Kommentar David Staretz Autoindustrie Entwicklung Sportwagen Autos
 

Rechtzeitig gegendenken

Die Unschuld der Autoindustrie geht verloren. Alles wird stärker, alles teurer, alles komplizierter. Sind wir überhaupt noch dabei?

27.07.2012 Autorevue Magazin

Was heißt hier Unschuld der Autoindustrie? Hat es doch nie wirklich gegeben. Unschuld liegt wohl eher bei denen, die noch an deren Möglichkeit glauben, also eher bei uns. Sind wir jetzt hoffnungslos naiv?

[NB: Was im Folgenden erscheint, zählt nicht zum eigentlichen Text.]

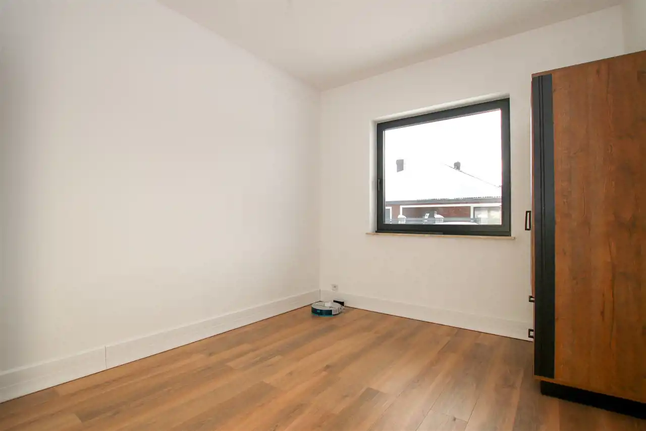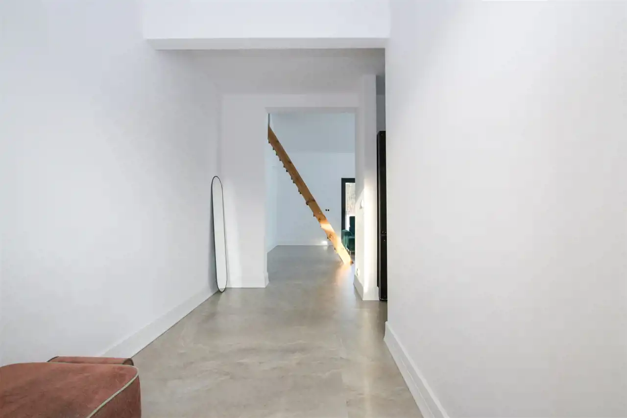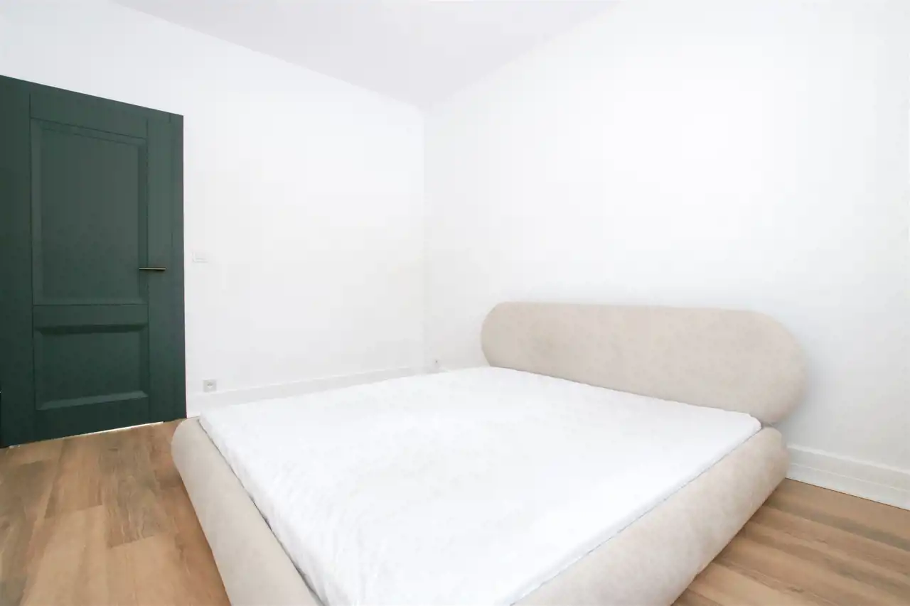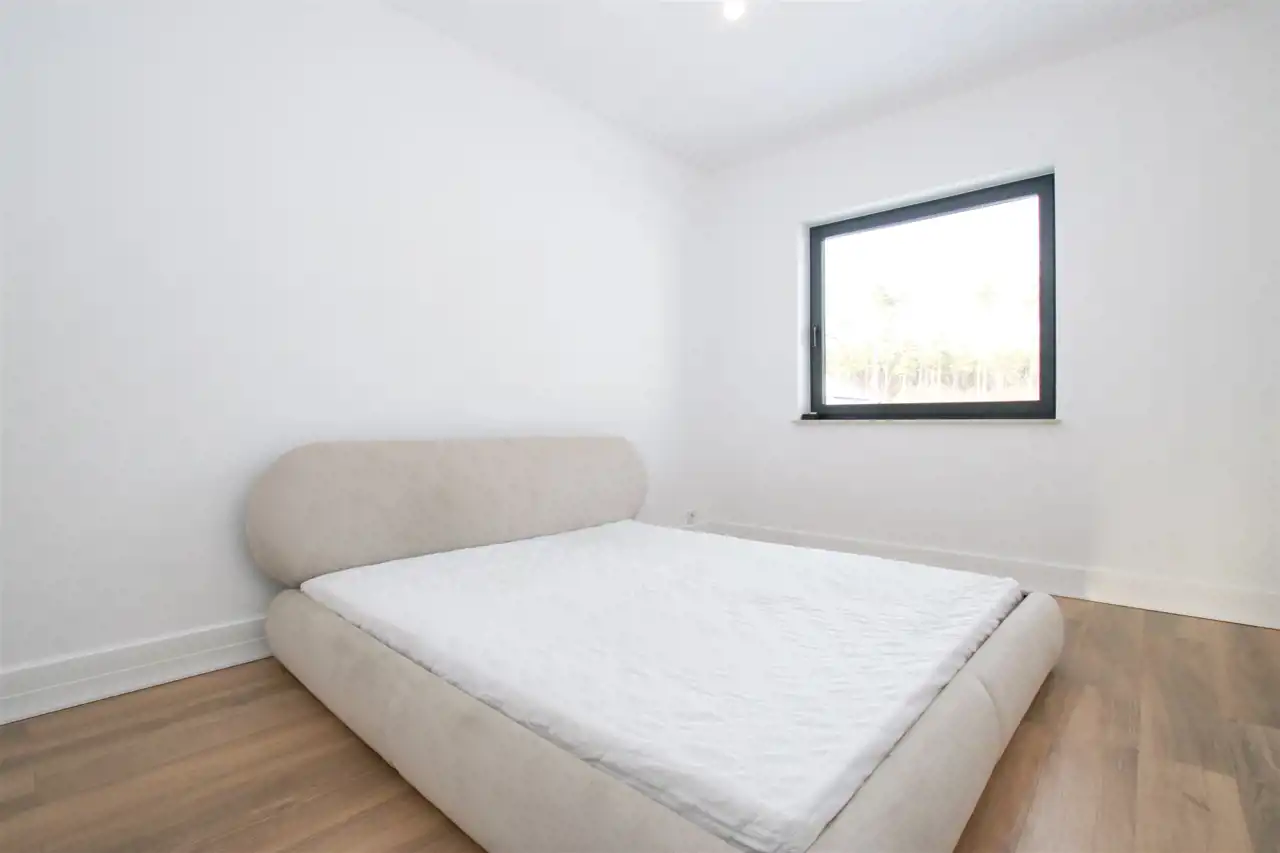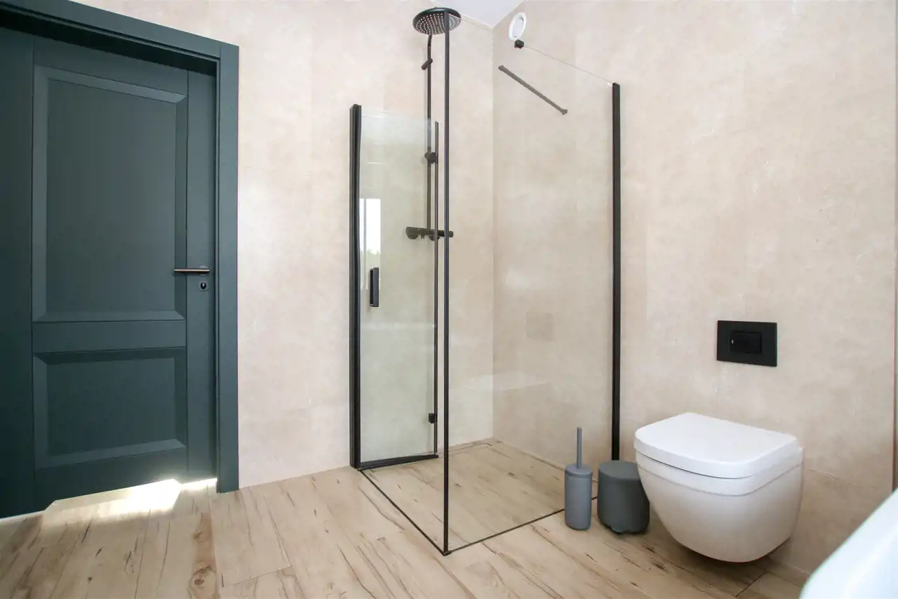 Wnętrza utrzymane są w nowoczesnym, minimalistycznym stylu. Jasne kolory, naturalne materiały oraz duże okna nadają przestrzeni lekkości i elegancji. Łazienka zachwyca połączeniem ciepłych okładzin drewnopodobnych z nowoczesną ceramiką i czarną armaturą.
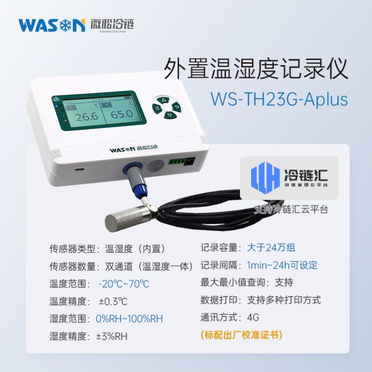 微松G-Aplus系列温湿度记录仪是一?G传输的网络型智能仪表,符合GSP/GMP规范。传感器型号多,检测范围广;可外接声光报警器,实现高分贝声光报警;GPRS(4G)传输,距离不受限制;自带内存,离线数据自动补传;蓝牙通讯,可配专用蓝牙打印机直接现场打印数据;连接专用冷链汇云平台,实现电脑和手机端远程数据管理,超限报警、断电报警等功能。广泛应用于食品医药、临床实验、化工电子、档案文博、农业科研等领域、/p>
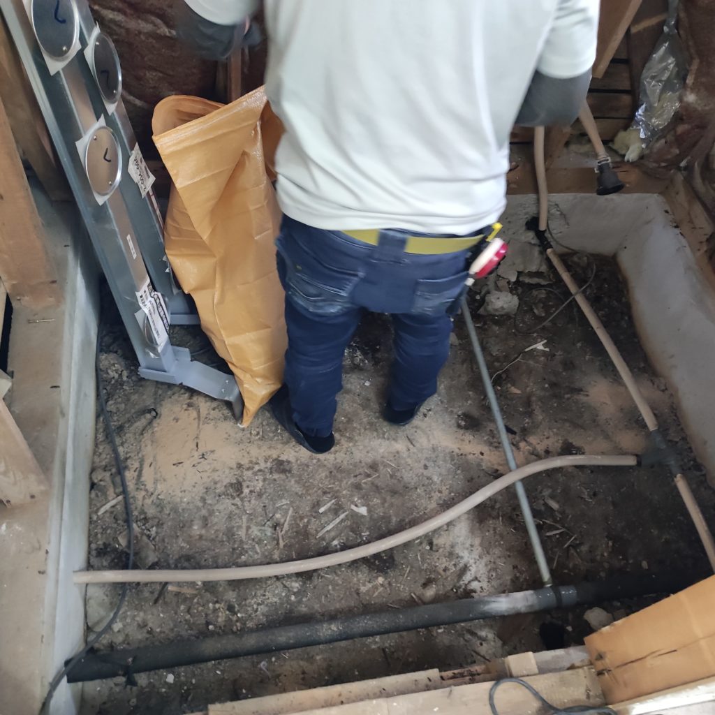 土台(ユニットバス用)と床下が見えてきます。

Tatsache ist: Die Autoindustrie will Geld verdienen, sie ist kein Kulturinstitut. Hält sich aber bisweilen für so etwas Ähnliches. Hersteller offensiv teurer Sport-, Supersport- und Supersonst­geräte belehren uns mit Werten, mit Traditionen und Emotionalitäten, sie produzieren Instant-Legenden wie Kinderkakao, aber irgendwie kommen keine RICHTIGEN Autos mehr heraus; vieles, was auf der Emo-Schiene auf uns zurollt, scheint von den Market-­Research- und Marketingagenturen gleich mitkonstruiert worden zu sein. Plakativ peinlichstes Beispiel: der New new Beetle. Die Parodie einer Parodie. Ich meine – geht’s noch?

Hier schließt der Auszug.